Uses: 1. Anti-inflammatory, 2. Analgesia, 3. Antipyretic

SE:
GI irritation (COX-1 produces prostaglandins PGE2 and PGI2, inhibiting acid secretion and promoting secretion of cytoprotective mucus in intestine)
Increased bleeding time (COX-1 in platelet produces thromboxane TXA2 which increases platelet aggregation)
Hypersensitivity (shunting to leukotrienes)
Decreased renal blood flow and GFR (COX-1 and COX-2[upreg in vol depleted] increase PGE2 and PGI2 which increase renal blood flow and increase Na+ and H2O excretion)

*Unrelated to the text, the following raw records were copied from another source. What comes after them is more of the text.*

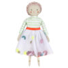Pretty Doll called Ruby by Meri-Meri. This delightful dress-up doll will make the perfect companion for an imaginative child. _Ruby is crafted with calico fabric with embroidered details and comes wearing a removable stripey top and a tutu made from layers of netted fabric with loose and attached confetti pieces. The doll’s hair is made from plaited black wool.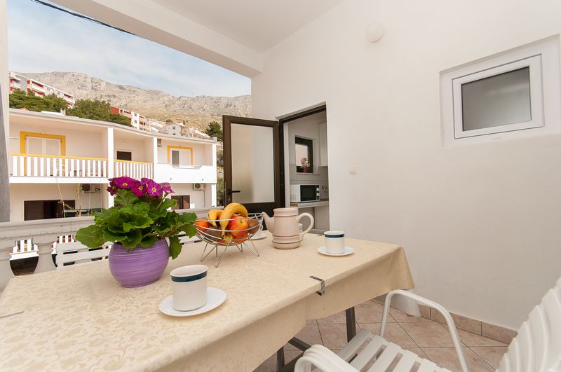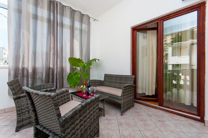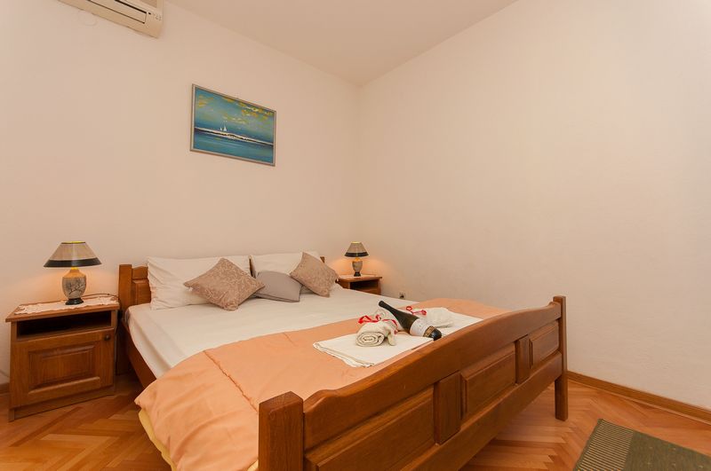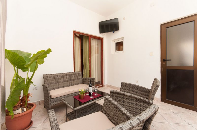 Apartments no.1 and no.2 can accommodate up to 4 persons with optional extra bed and are located on the first floor at the north side of the house. There are 2 rooms, 2 bathrooms, big kitchen and two big terraces. 65 square meters in size, apartment has parking space, terrace, 2 air conditioners, satellite TV, wireless internet, bathroom and a garden arrangement on the balcony. Smoking is allowed, pets are not allowed.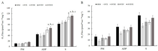Mitochondrial function in skeletal muscle. (A) The oxygen consumption in the soleus and (B) gastrocnemius muscle. Values are means ± SE. a a significant difference compared to the SHM group; b a significant difference compared to the OVX group; c a significant difference compared to the OVXE group. SHM: sham group; OVX: ovariectomy group; OVXE: ovariectomy with exercise; OVXV: ovariectomy with vitamin E; OVXVE: ovariectomy with exercise and vitamin E; PM: pyruvate and malate; ADP: adenosine diphosphate; S: succinate.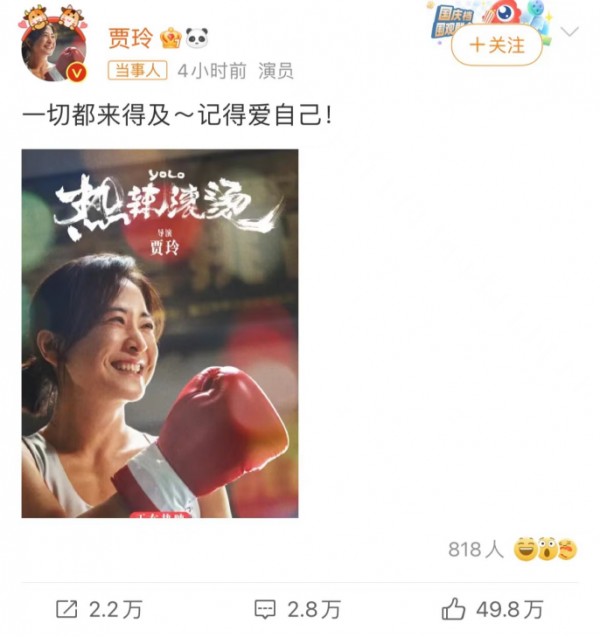 今天,她发布了一条微博,文案很简单"一切都来得及~记得爱自己",可就是这短短十几个字,仿佛有万钧之力,让无数观众动容,也想要像戏里戏外的贾玲导演一样,拼尽全力赢一次,贾玲导演树立的榜样的力量真的无法言喻,太太太强大了!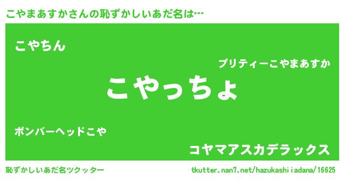 | 肩書あだ名 | 『こやまあすか大将』『こやまあすか校長』 |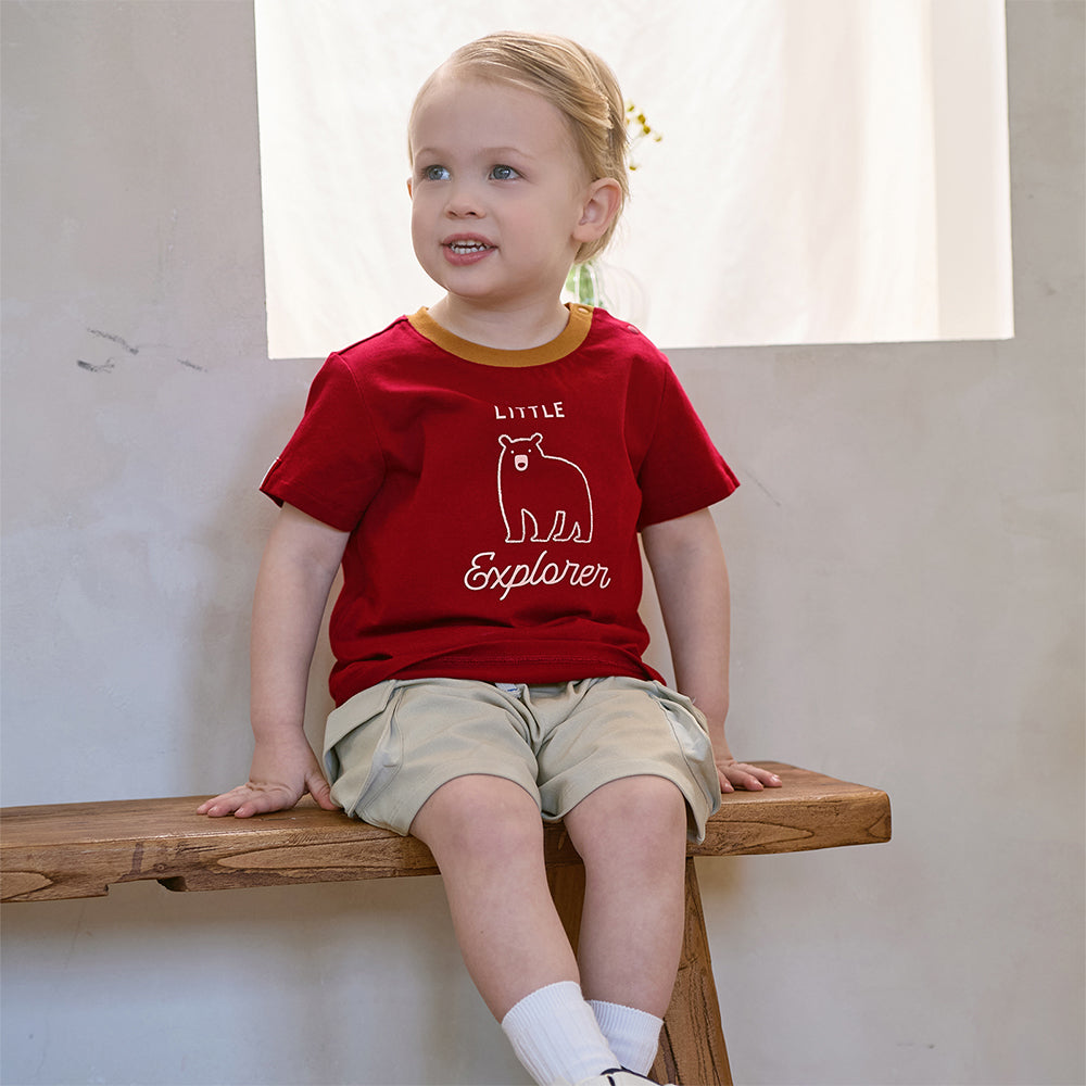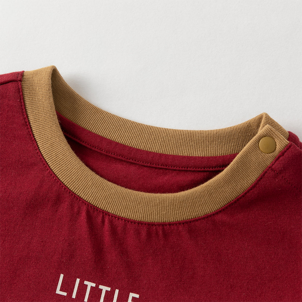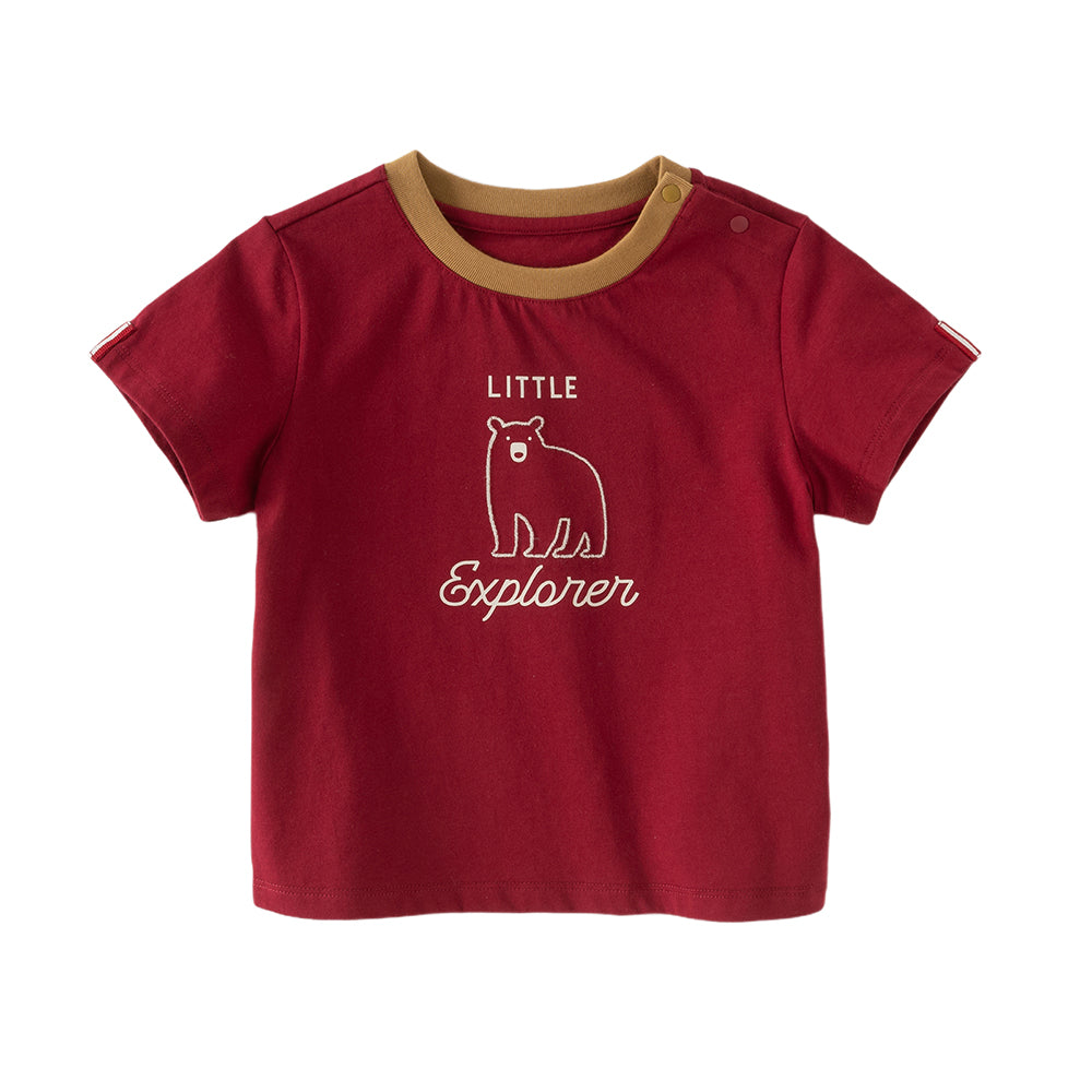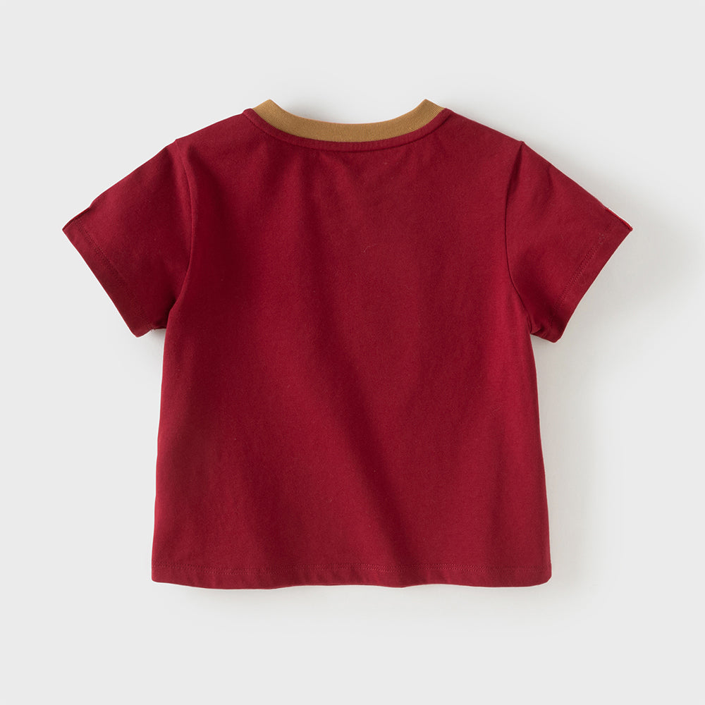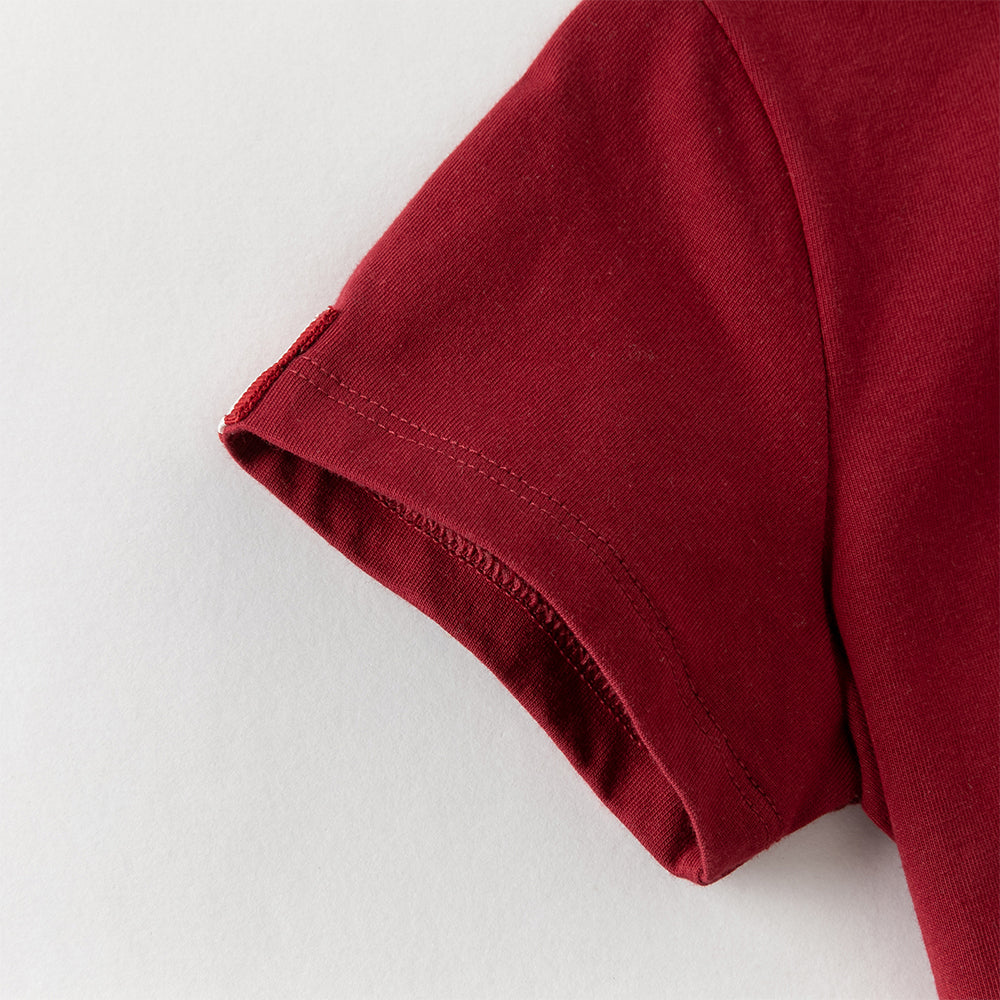 Dave&Bella Toddler Boys Summer Dark Red Comfortable Cotton Daily Short Sleeve T-shirts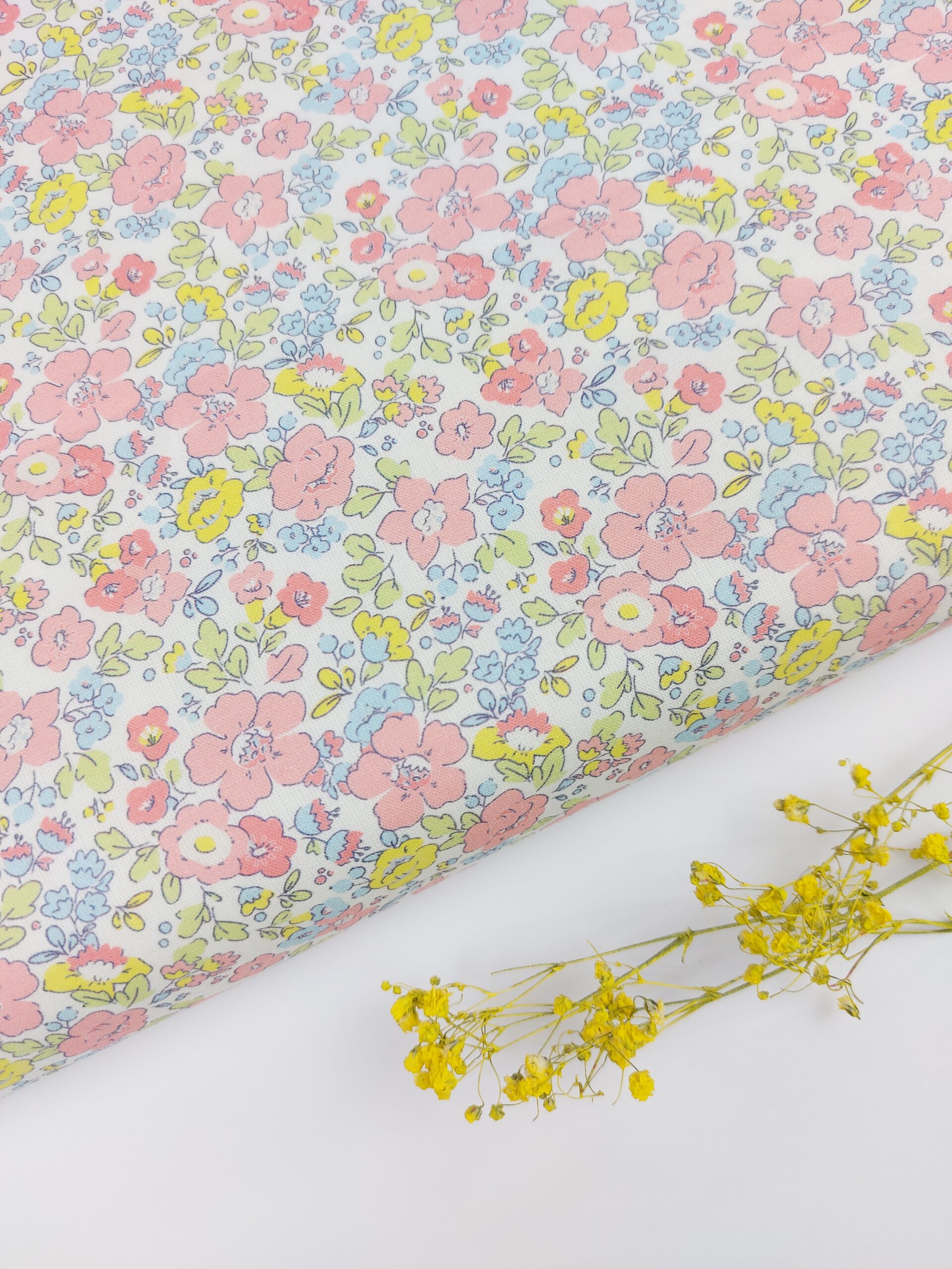 Un popelín delicado y luminoso que evoca un jardín en plena primavera, donde las flores parecen bailar suavemente con la brisa 🌼✨. Su fondo en blanco aporta luz y elegancia, permitiendo que el estampado floral destaque con una armonía exquisita.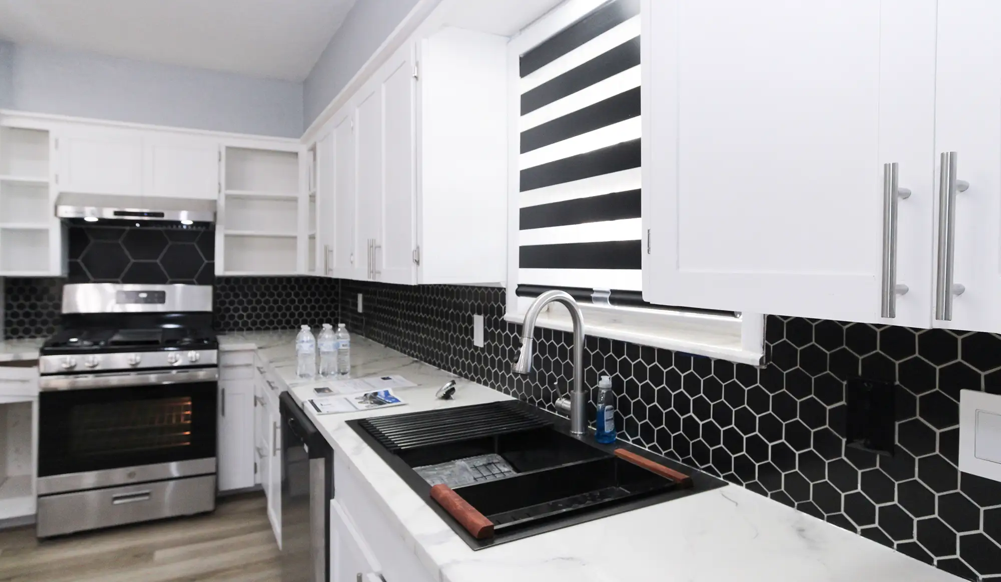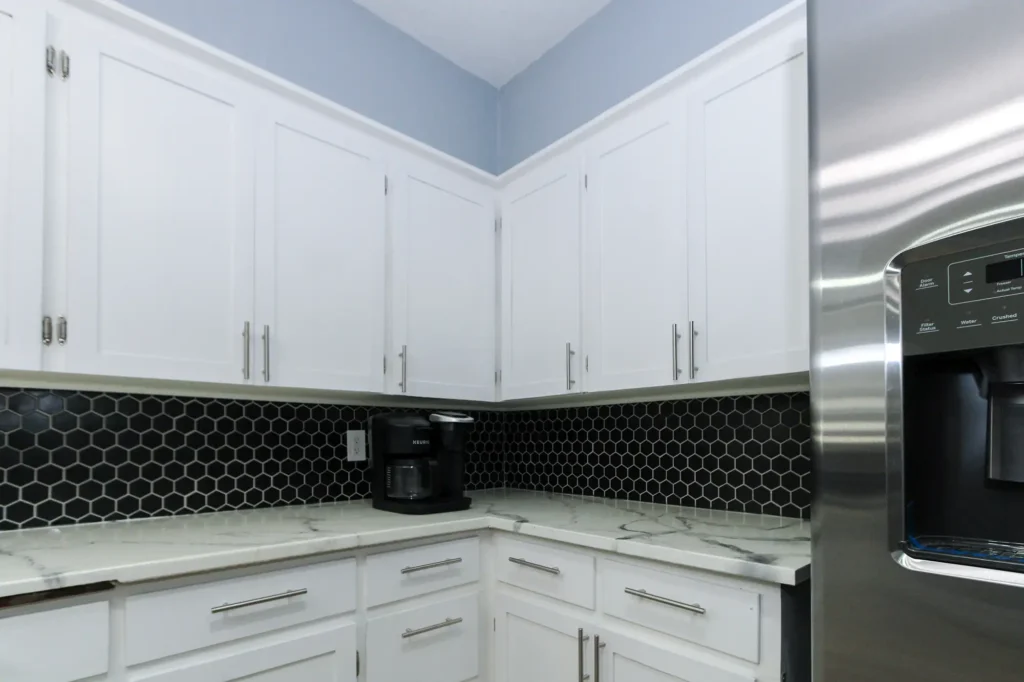Fully renovated kitchen featuring marble-look counters

Pregnancy (COX->Pg-> Increase uterine contractions and maintain patent Ductus arteriosus),
Drug interactions (alcohol/GI irritation and bleeding, NSAIDs/Increased risk of bleeding, decreased renal function, Steroids/Increased risk of GI toxicity, Anticoagulants/warfarin, increased bleeding, Methotrexate/Impaired renal excretion, aspirin and salicylates/salicylate poisoning)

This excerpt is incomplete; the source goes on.